INPUT:
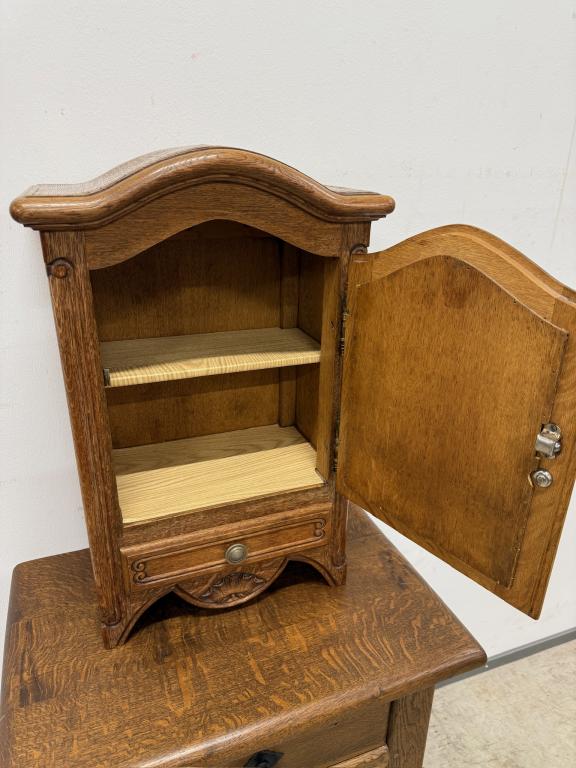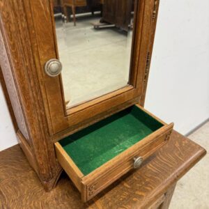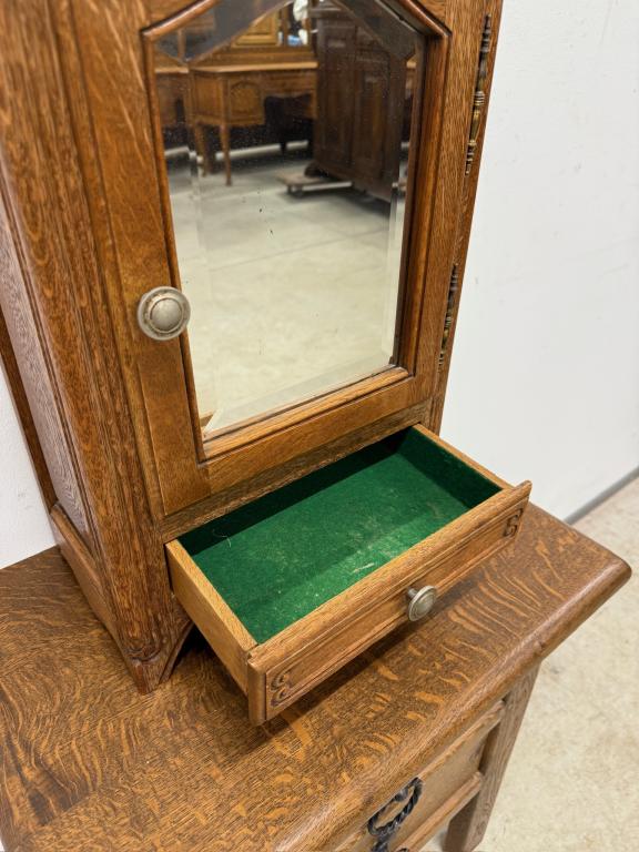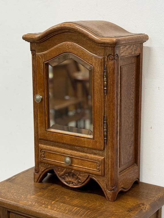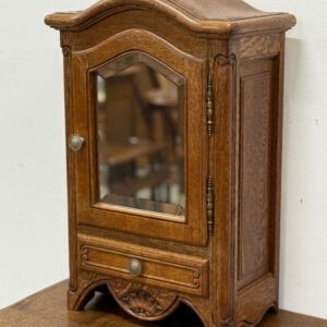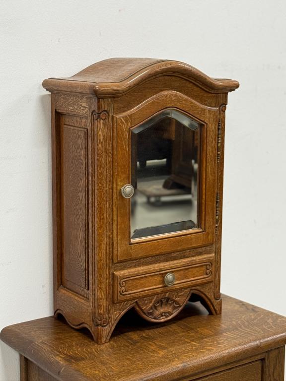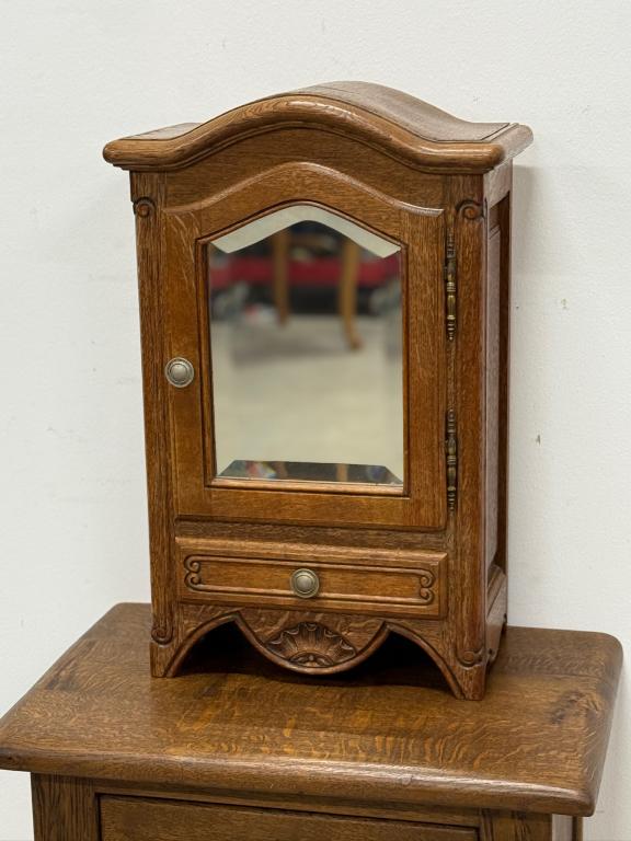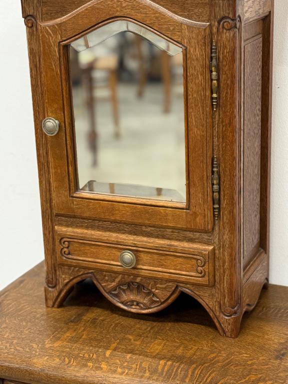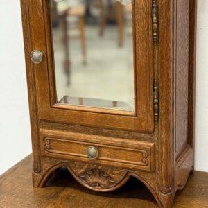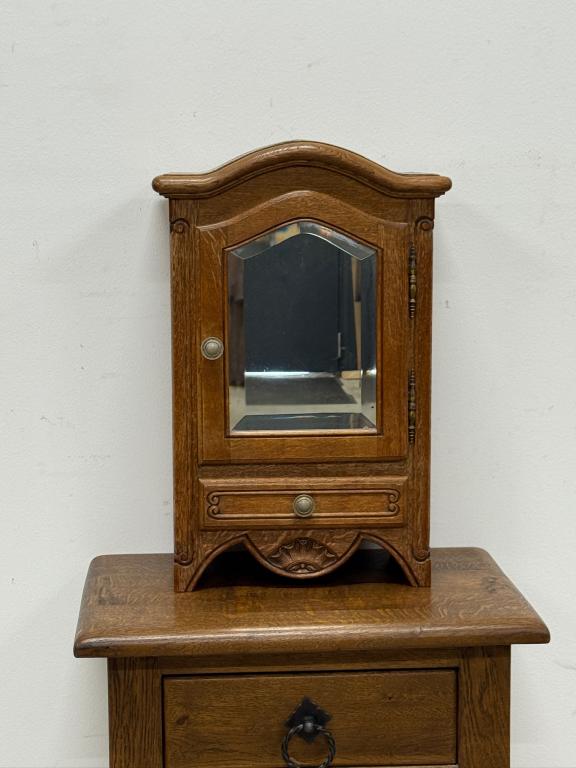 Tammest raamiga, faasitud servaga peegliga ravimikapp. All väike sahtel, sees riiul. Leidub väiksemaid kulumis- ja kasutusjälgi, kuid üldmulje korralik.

...

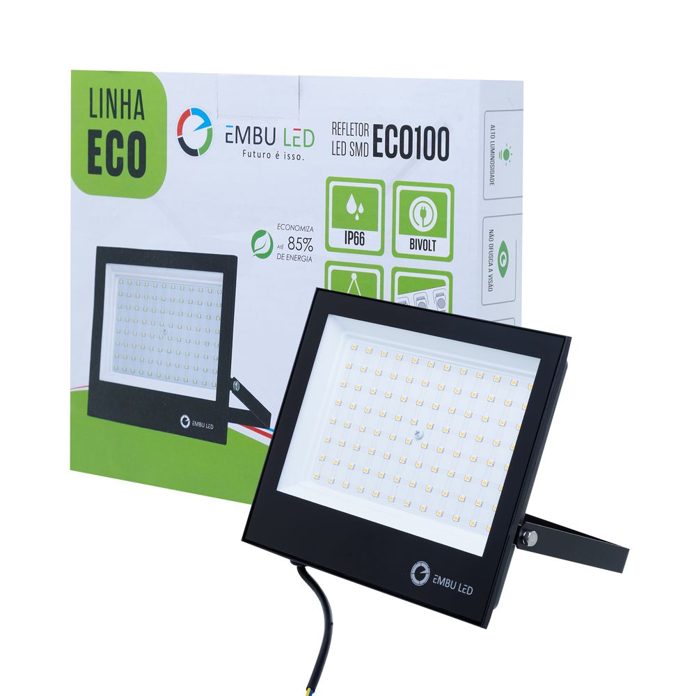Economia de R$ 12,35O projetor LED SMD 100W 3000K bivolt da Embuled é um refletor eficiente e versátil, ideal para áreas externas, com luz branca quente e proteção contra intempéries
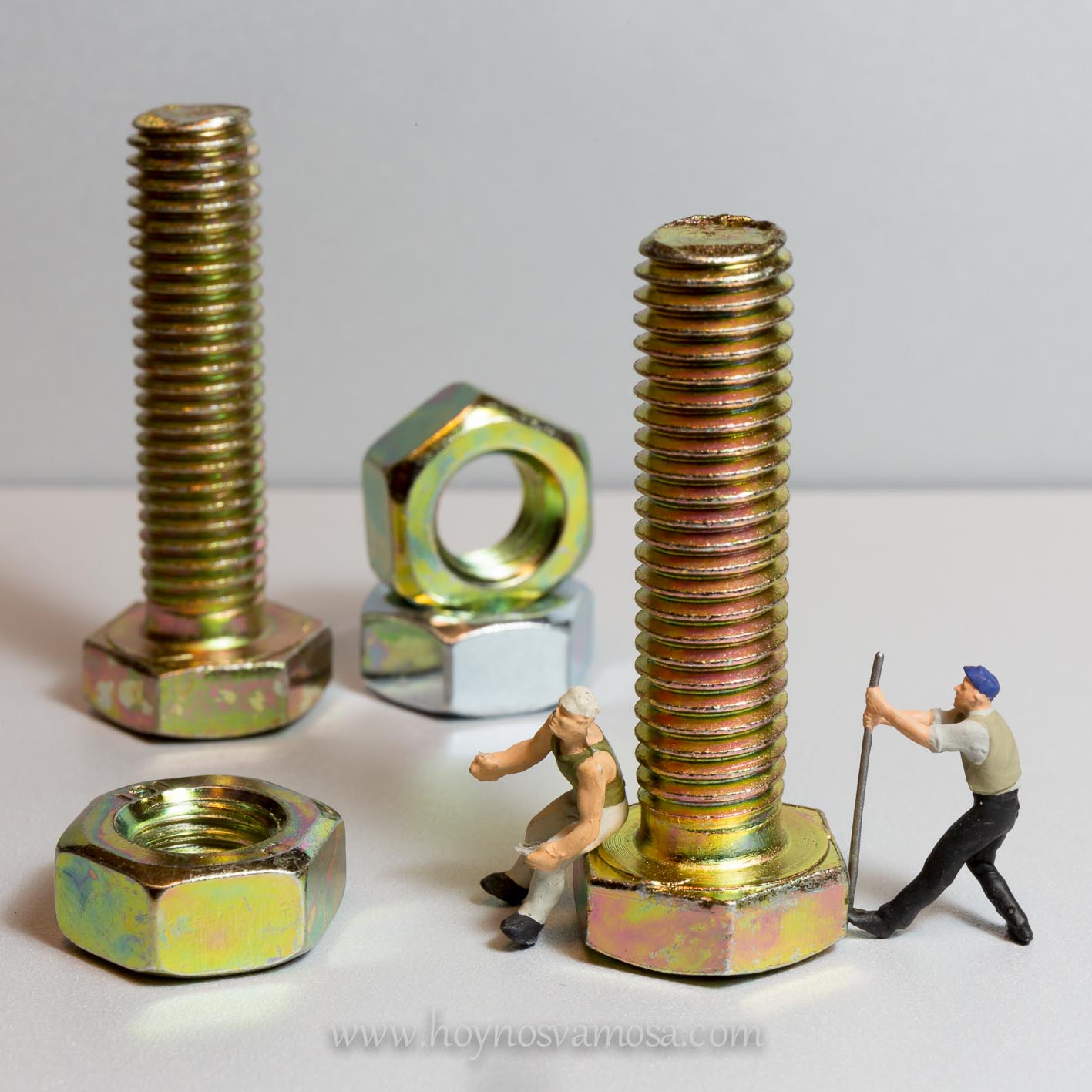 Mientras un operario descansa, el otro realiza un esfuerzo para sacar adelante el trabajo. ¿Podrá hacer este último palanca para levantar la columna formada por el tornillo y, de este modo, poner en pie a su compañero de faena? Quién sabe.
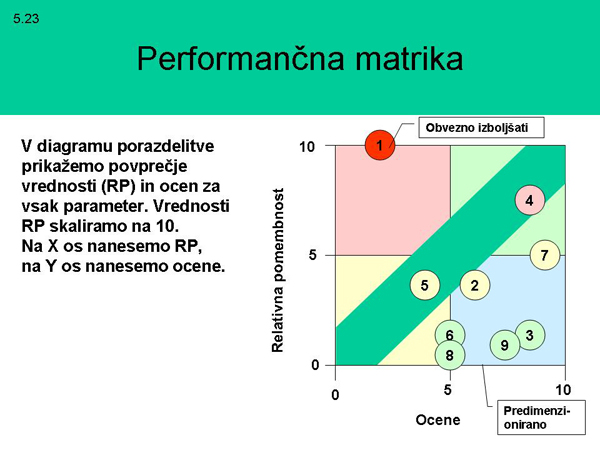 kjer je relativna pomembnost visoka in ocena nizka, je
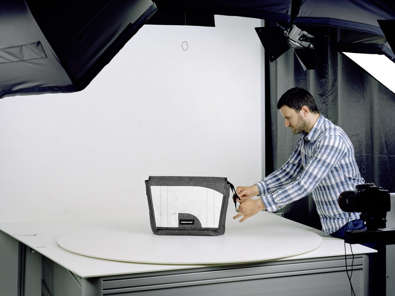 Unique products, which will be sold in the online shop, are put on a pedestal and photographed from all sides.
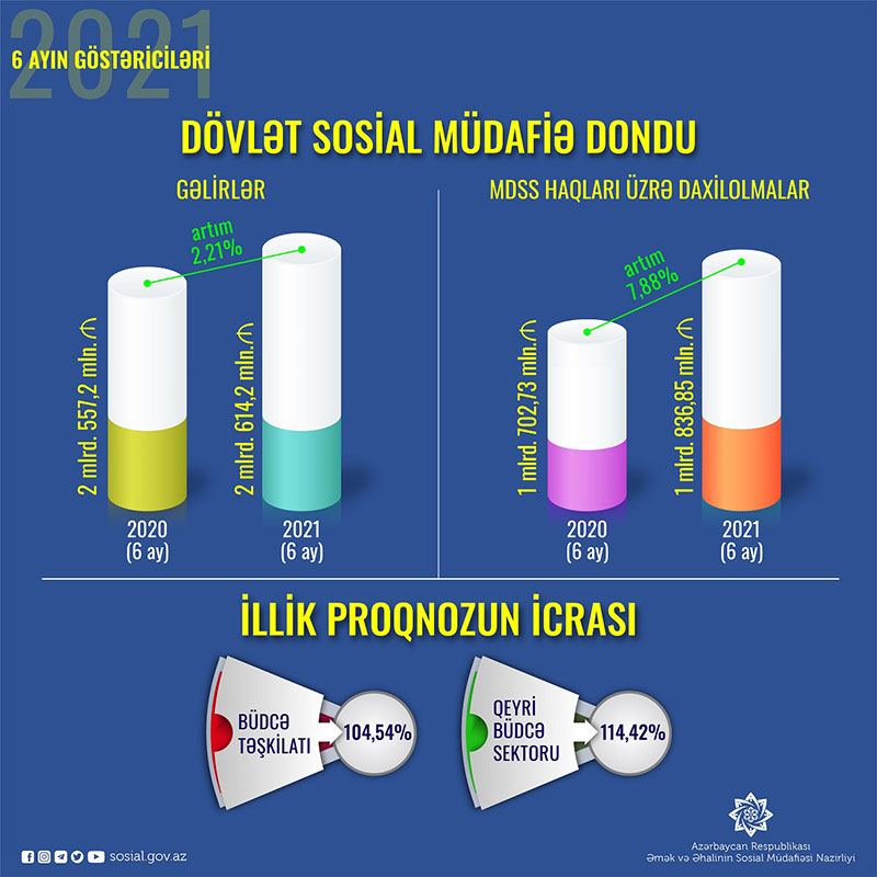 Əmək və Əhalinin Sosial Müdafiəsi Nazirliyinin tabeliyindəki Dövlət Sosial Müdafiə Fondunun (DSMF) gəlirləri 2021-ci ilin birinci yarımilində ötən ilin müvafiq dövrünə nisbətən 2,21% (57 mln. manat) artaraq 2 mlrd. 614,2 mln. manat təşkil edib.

ACTIVITY: Starting at the line containing "Unique products, which" and stopping at the line containing "Əmək və Əhalinin", output every line above exactly, both ends included, with pictures omitted.

SOLUTION BELOW:
 Unique products, which will be sold in the online shop, are put on a pedestal and photographed from all sides.
 Əmək və Əhalinin Sosial Müdafiəsi Nazirliyinin tabeliyindəki Dövlət Sosial Müdafiə Fondunun (DSMF) gəlirləri 2021-ci ilin birinci yarımilində ötən ilin müvafiq dövrünə nisbətən 2,21% (57 mln. manat) artaraq 2 mlrd. 614,2 mln. manat təşkil edib.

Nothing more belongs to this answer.